Será razoável ambicionar uma economia vibrante, tendo por base um mercado de trabalho tendencialmente obsoleto?

É tentador considerar que, com taxas de desemprego baixas, tudo corre bem para que a economia cresça. Que, com uma posição cimeira entre os países da União Europeia que mais horas trabalham, já contamos com capacidade suficiente para gerar valor e ver o PIB desabrochar… Contudo, parece que a realidade teima em não corresponder a estas premissas. Na verdade, é bem sabido que estar empregado não significa, necessariamente, ter a ocupação profissional adequada, aquela que apaixona e leva naturalmente a um empenho constante. Nem o grande número de horas trabalhadas é sinónimo de sermos uma nação particularmente conhecida pela produtividade.

Mas terá o mercado de trabalho culpa no cartório nesta matéria? Não estará o grande gatilho do crescimento económico no domínio da eficácia de gestão do tecido empresarial?

Ao observar-se o músculo das economias mais sólidas, constata-se rapidamente que o seu dinamismo deriva, sobretudo, da capacidade de iniciativa que é permitida aos seus agentes. Se pegarmos nessas referências e as transportarmos para a realidade nacional, torna-se difícil perceber como se estimulará a iniciativa, se os nossos agentes são desde logo sugados para um mercado de trabalho centrado em gerar dependência. Se a normalidade é sinónimo de trabalho “por conta de outrem” e o profissional que abdique desse paternalismo acaba invariavelmente por seguir caminhos perigosos e precários, onde fica a agilidade laboral necessária para que ocorram os ajustes inevitáveis até se encontrar o cenário profissional ideal para cada um? Em muito maus lençóis.

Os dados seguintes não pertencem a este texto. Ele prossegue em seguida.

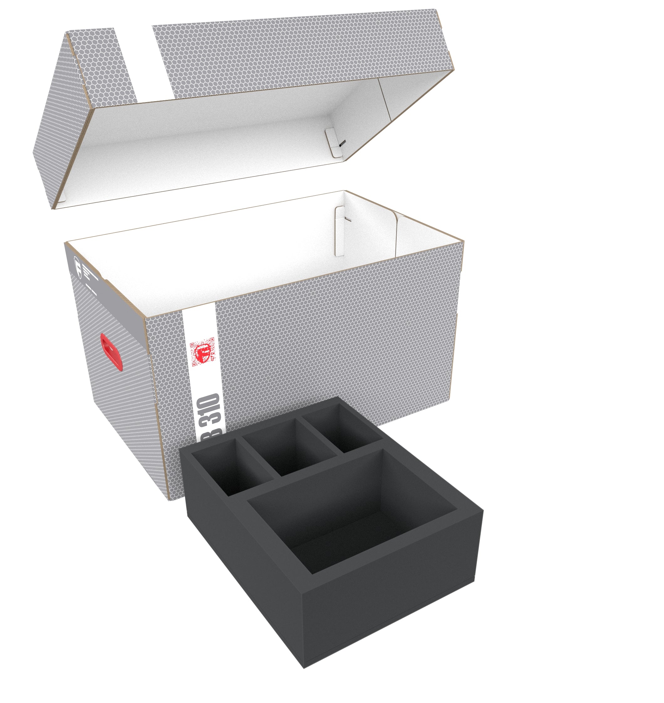 All these foam trays are stacked inside the high quality Storage Box DSLB310. It is made of coated, corrugated cardboard. Making it not only pleasantly light, but also particularly tear-resistant and stable. Your models can thus be stored safely and dust-protected.
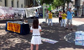 七月四日,荷兰法轮功学员在西部小城古达市举办洪法讲真相活动。
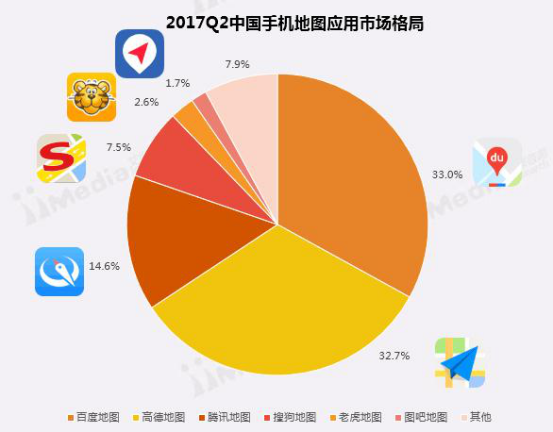 日前,著名市場調查研究機構艾媒咨詢發布了 2017 年第 2 季度中國手機地圖應用市場格局統計分析,數據顯示,百度地圖以33%的占比位居市場份額第一,其后是高德地圖(32.7%)、騰訊地圖(14.6%)、搜狗地圖(7.5%)、老虎地圖(2.6%)、圖吧地圖(1.7%)以及其他地圖(7.9%)。
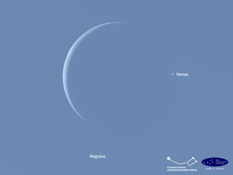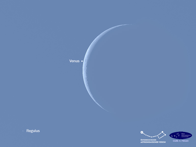 Mond, Venus und Regulus unmittelbar nach der Bedeckung (für Wien)
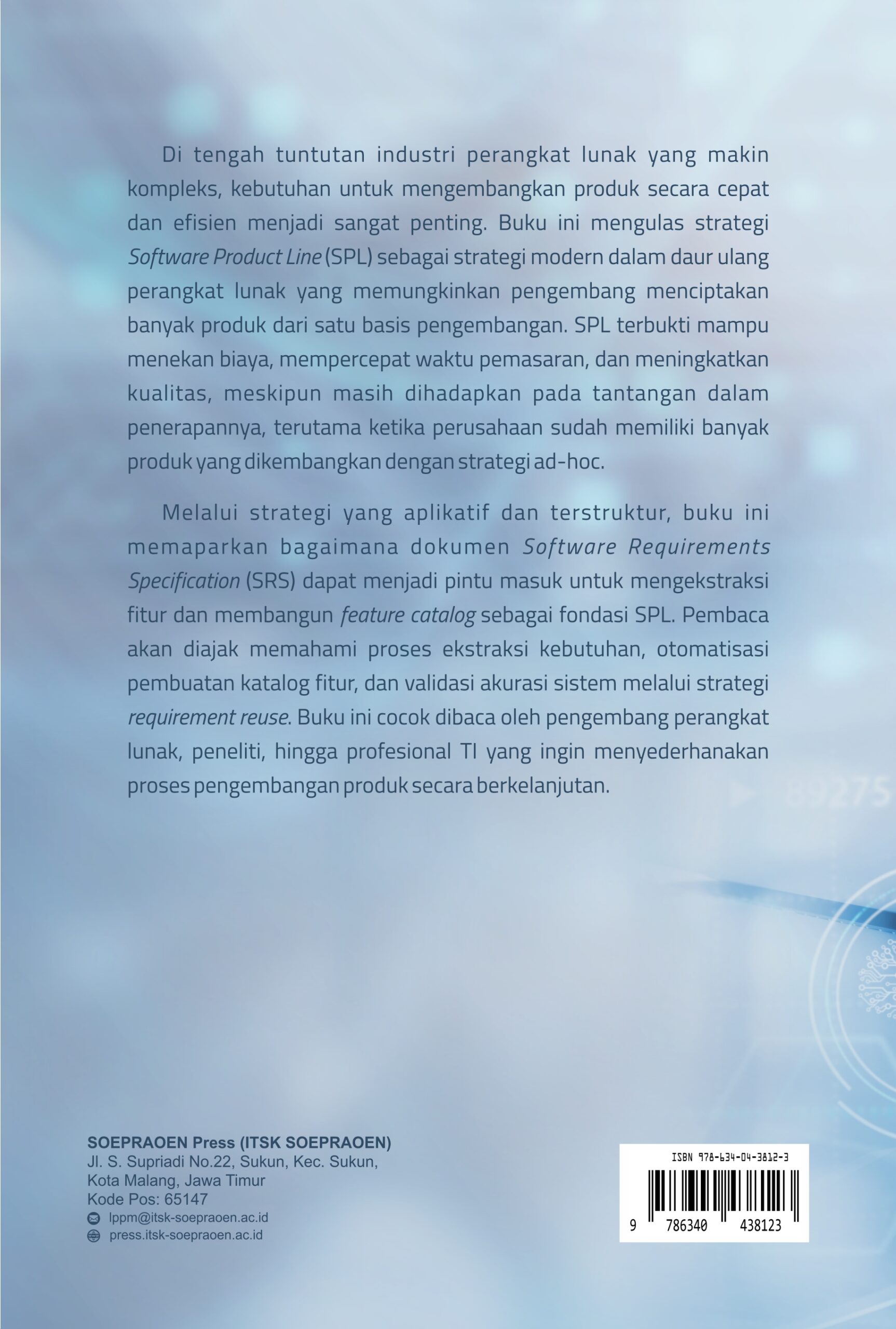 Melalui strategi yang aplikatif dan terstruktur, buku ini memaparkan bagaimana dokumen Software Requirements Specification (SRS) dapat menjadi pintu masuk untuk mengekstraksi fitur dan membangun feature catalog sebagai fondasi SPL. Pembaca akan diajak memahami proses ekstraksi kebutuhan, otomatisasi pembuatan katalog fitur, dan validasi akurasi sistem melalui strategi requirement reuse. Buku Menambang Fitur dari Dokumen Spesifikasi Kebutuhan Perangkat Lunak sangat cocok dibaca oleh pengembang perangkat lunak, peneliti, hingga profesional TI yang ingin menyederhanakan proses pengembangan produk secara berkelanjutan.

Resignamo-nos a trabalhar de forma dependente, com o papel de “recurso”, cuja propriedade é detida por determinada organização, ou atiramo-nos ao abismo da burocracia imensa e dispendiosa que nos tornam numa pessoa coletiva? Será assim tão anátema a tradição laboral anglo-saxónica, que, para além do “trabalho por conta de outrem”, fomenta igualmente um contexto saudável de trabalho autónomo? Isto é, a possibilidade de, enquanto profissional, deixar de ser “propriedade” de uma empresa e passar a ser “parceiro” de duas, três ou mais, onde executo as minhas funções, em simultâneo ou sequencialmente, ou em múltiplos cenários vantajosos para ambas as partes?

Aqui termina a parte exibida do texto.